____ INFORMATION SUPPLIED

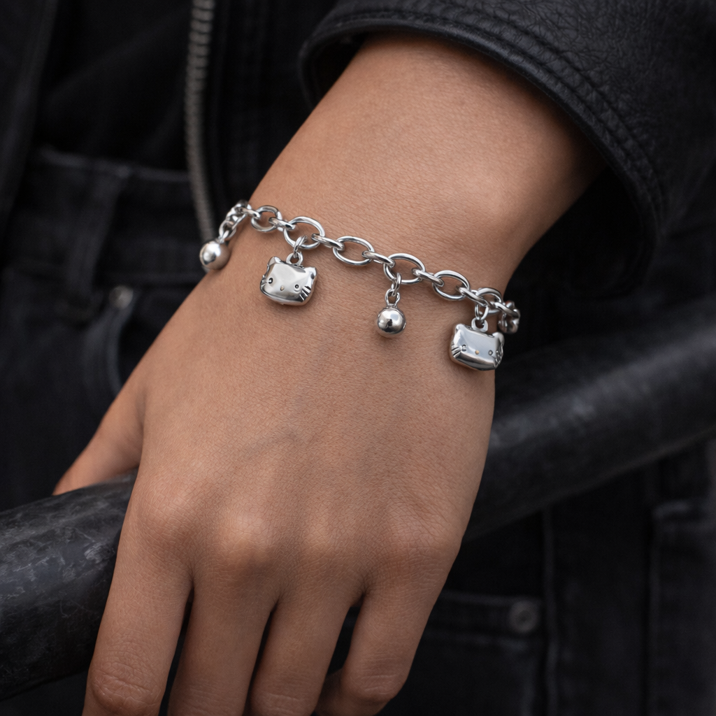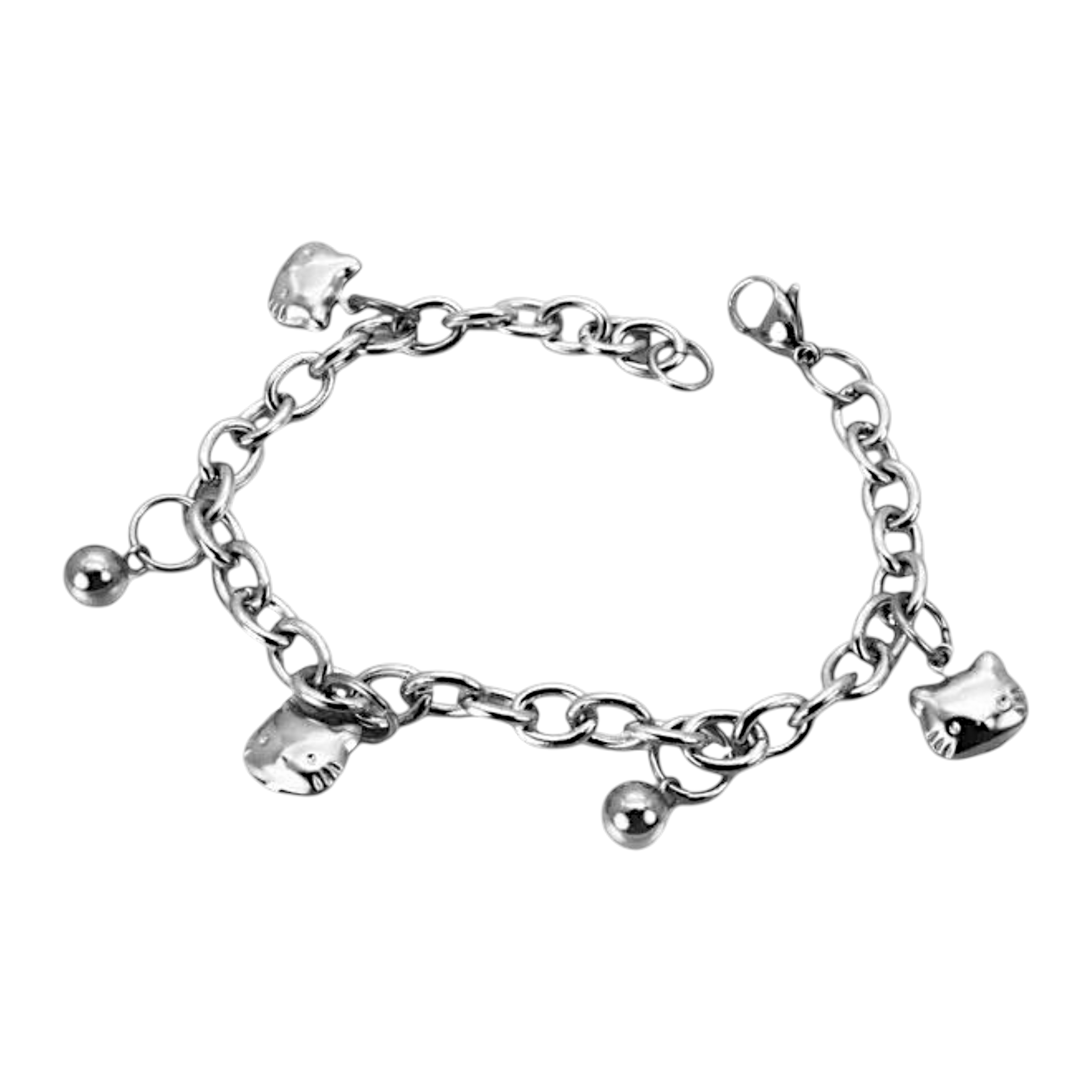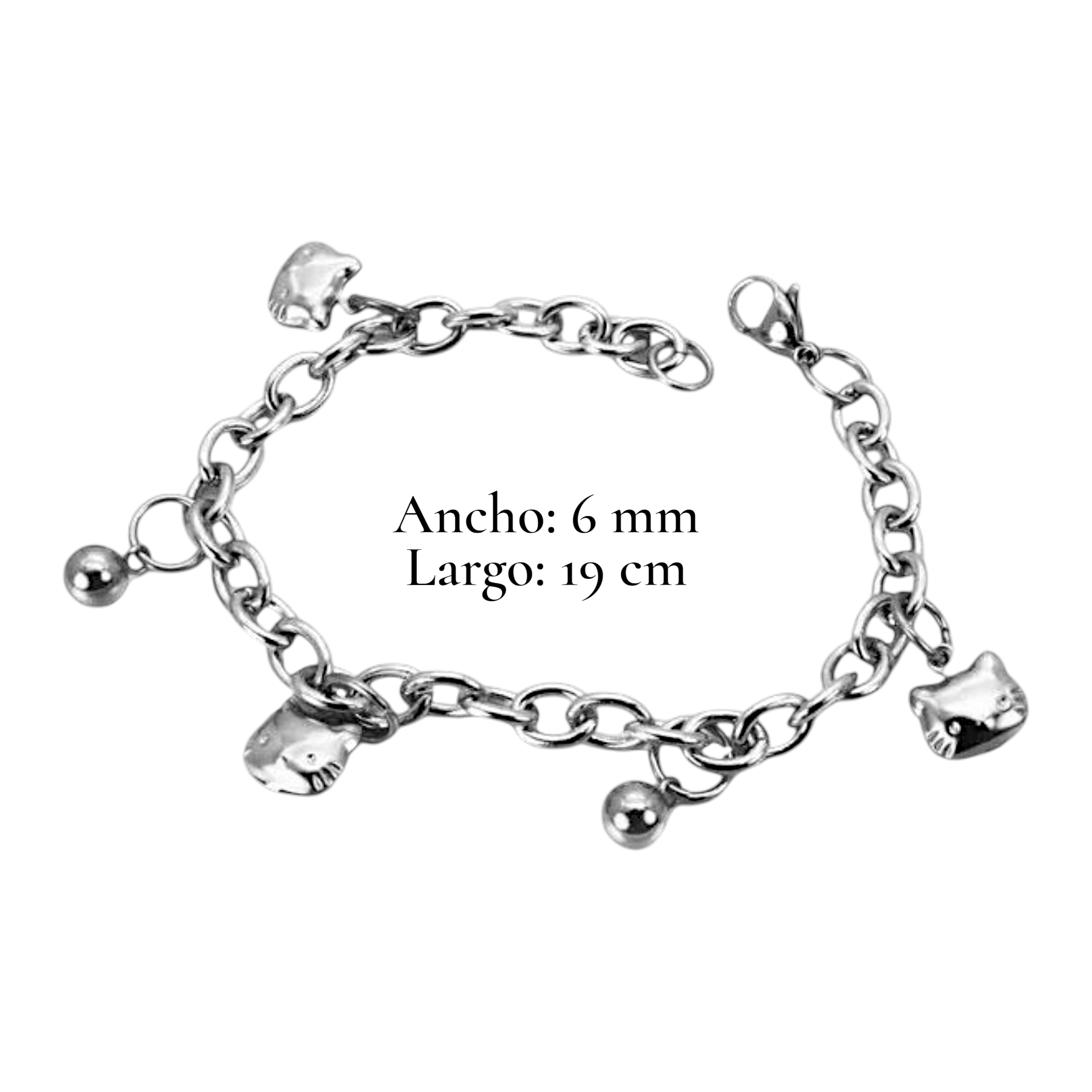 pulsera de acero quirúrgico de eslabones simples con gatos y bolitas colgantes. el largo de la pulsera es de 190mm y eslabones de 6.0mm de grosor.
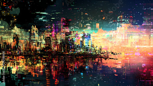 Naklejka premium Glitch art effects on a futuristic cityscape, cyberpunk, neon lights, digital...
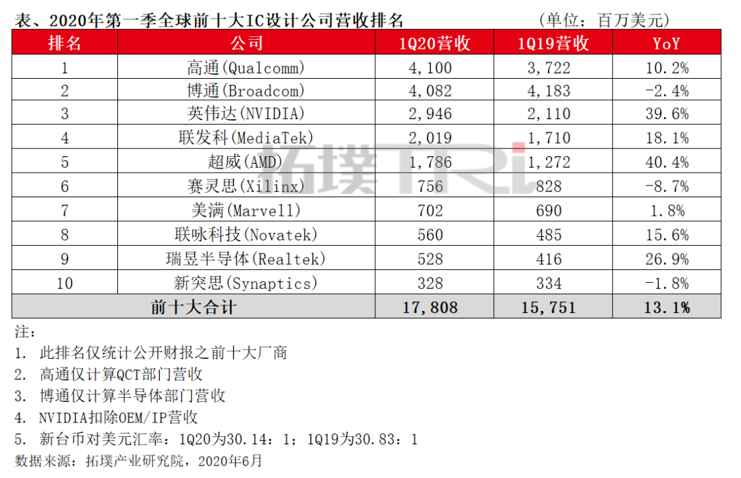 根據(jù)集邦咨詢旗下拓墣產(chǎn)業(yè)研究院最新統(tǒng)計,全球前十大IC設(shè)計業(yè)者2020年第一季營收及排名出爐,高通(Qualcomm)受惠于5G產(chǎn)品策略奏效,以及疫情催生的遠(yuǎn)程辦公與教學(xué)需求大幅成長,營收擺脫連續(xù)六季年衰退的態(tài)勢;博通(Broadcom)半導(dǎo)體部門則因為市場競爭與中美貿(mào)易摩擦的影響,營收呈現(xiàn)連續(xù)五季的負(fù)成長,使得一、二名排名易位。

________
____ INFORMATION SUPPLIED

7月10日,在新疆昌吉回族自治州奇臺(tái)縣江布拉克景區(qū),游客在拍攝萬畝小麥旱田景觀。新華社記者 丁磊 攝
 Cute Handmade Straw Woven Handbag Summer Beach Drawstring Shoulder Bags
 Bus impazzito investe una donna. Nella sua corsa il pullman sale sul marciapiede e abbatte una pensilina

________
____ INFORMATION SUPPLIED

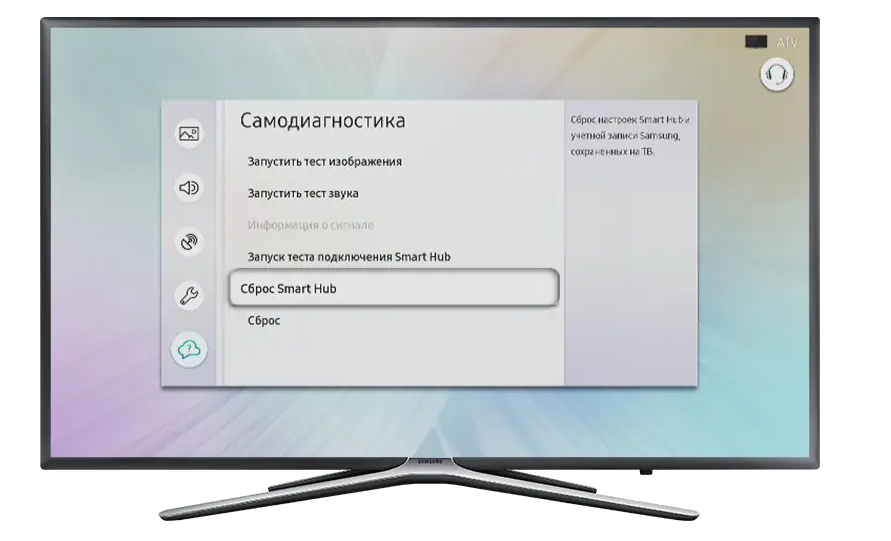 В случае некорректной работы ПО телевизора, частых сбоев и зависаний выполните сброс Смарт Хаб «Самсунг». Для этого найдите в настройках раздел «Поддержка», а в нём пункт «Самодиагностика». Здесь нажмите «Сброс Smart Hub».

________

▶ EXERCISE DESCRIPTION
From the records above, give again only the part that opens with the line containing "pulsera de acero" and closes with the line containing "根據(jù)集邦咨詢旗下拓墣". Keep both ends but drop the pictures.

▶ COMPLETED EXERCISE
 pulsera de acero quirúrgico de eslabones simples con gatos y bolitas colgantes. el largo de la pulsera es de 190mm y eslabones de 6.0mm de grosor.
 Naklejka premium Glitch art effects on a futuristic cityscape, cyberpunk, neon lights, digital...
 根據(jù)集邦咨詢旗下拓墣產(chǎn)業(yè)研究院最新統(tǒng)計,全球前十大IC設(shè)計業(yè)者2020年第一季營收及排名出爐,高通(Qualcomm)受惠于5G產(chǎn)品策略奏效,以及疫情催生的遠(yuǎn)程辦公與教學(xué)需求大幅成長,營收擺脫連續(xù)六季年衰退的態(tài)勢;博通(Broadcom)半導(dǎo)體部門則因為市場競爭與中美貿(mào)易摩擦的影響,營收呈現(xiàn)連續(xù)五季的負(fù)成長,使得一、二名排名易位。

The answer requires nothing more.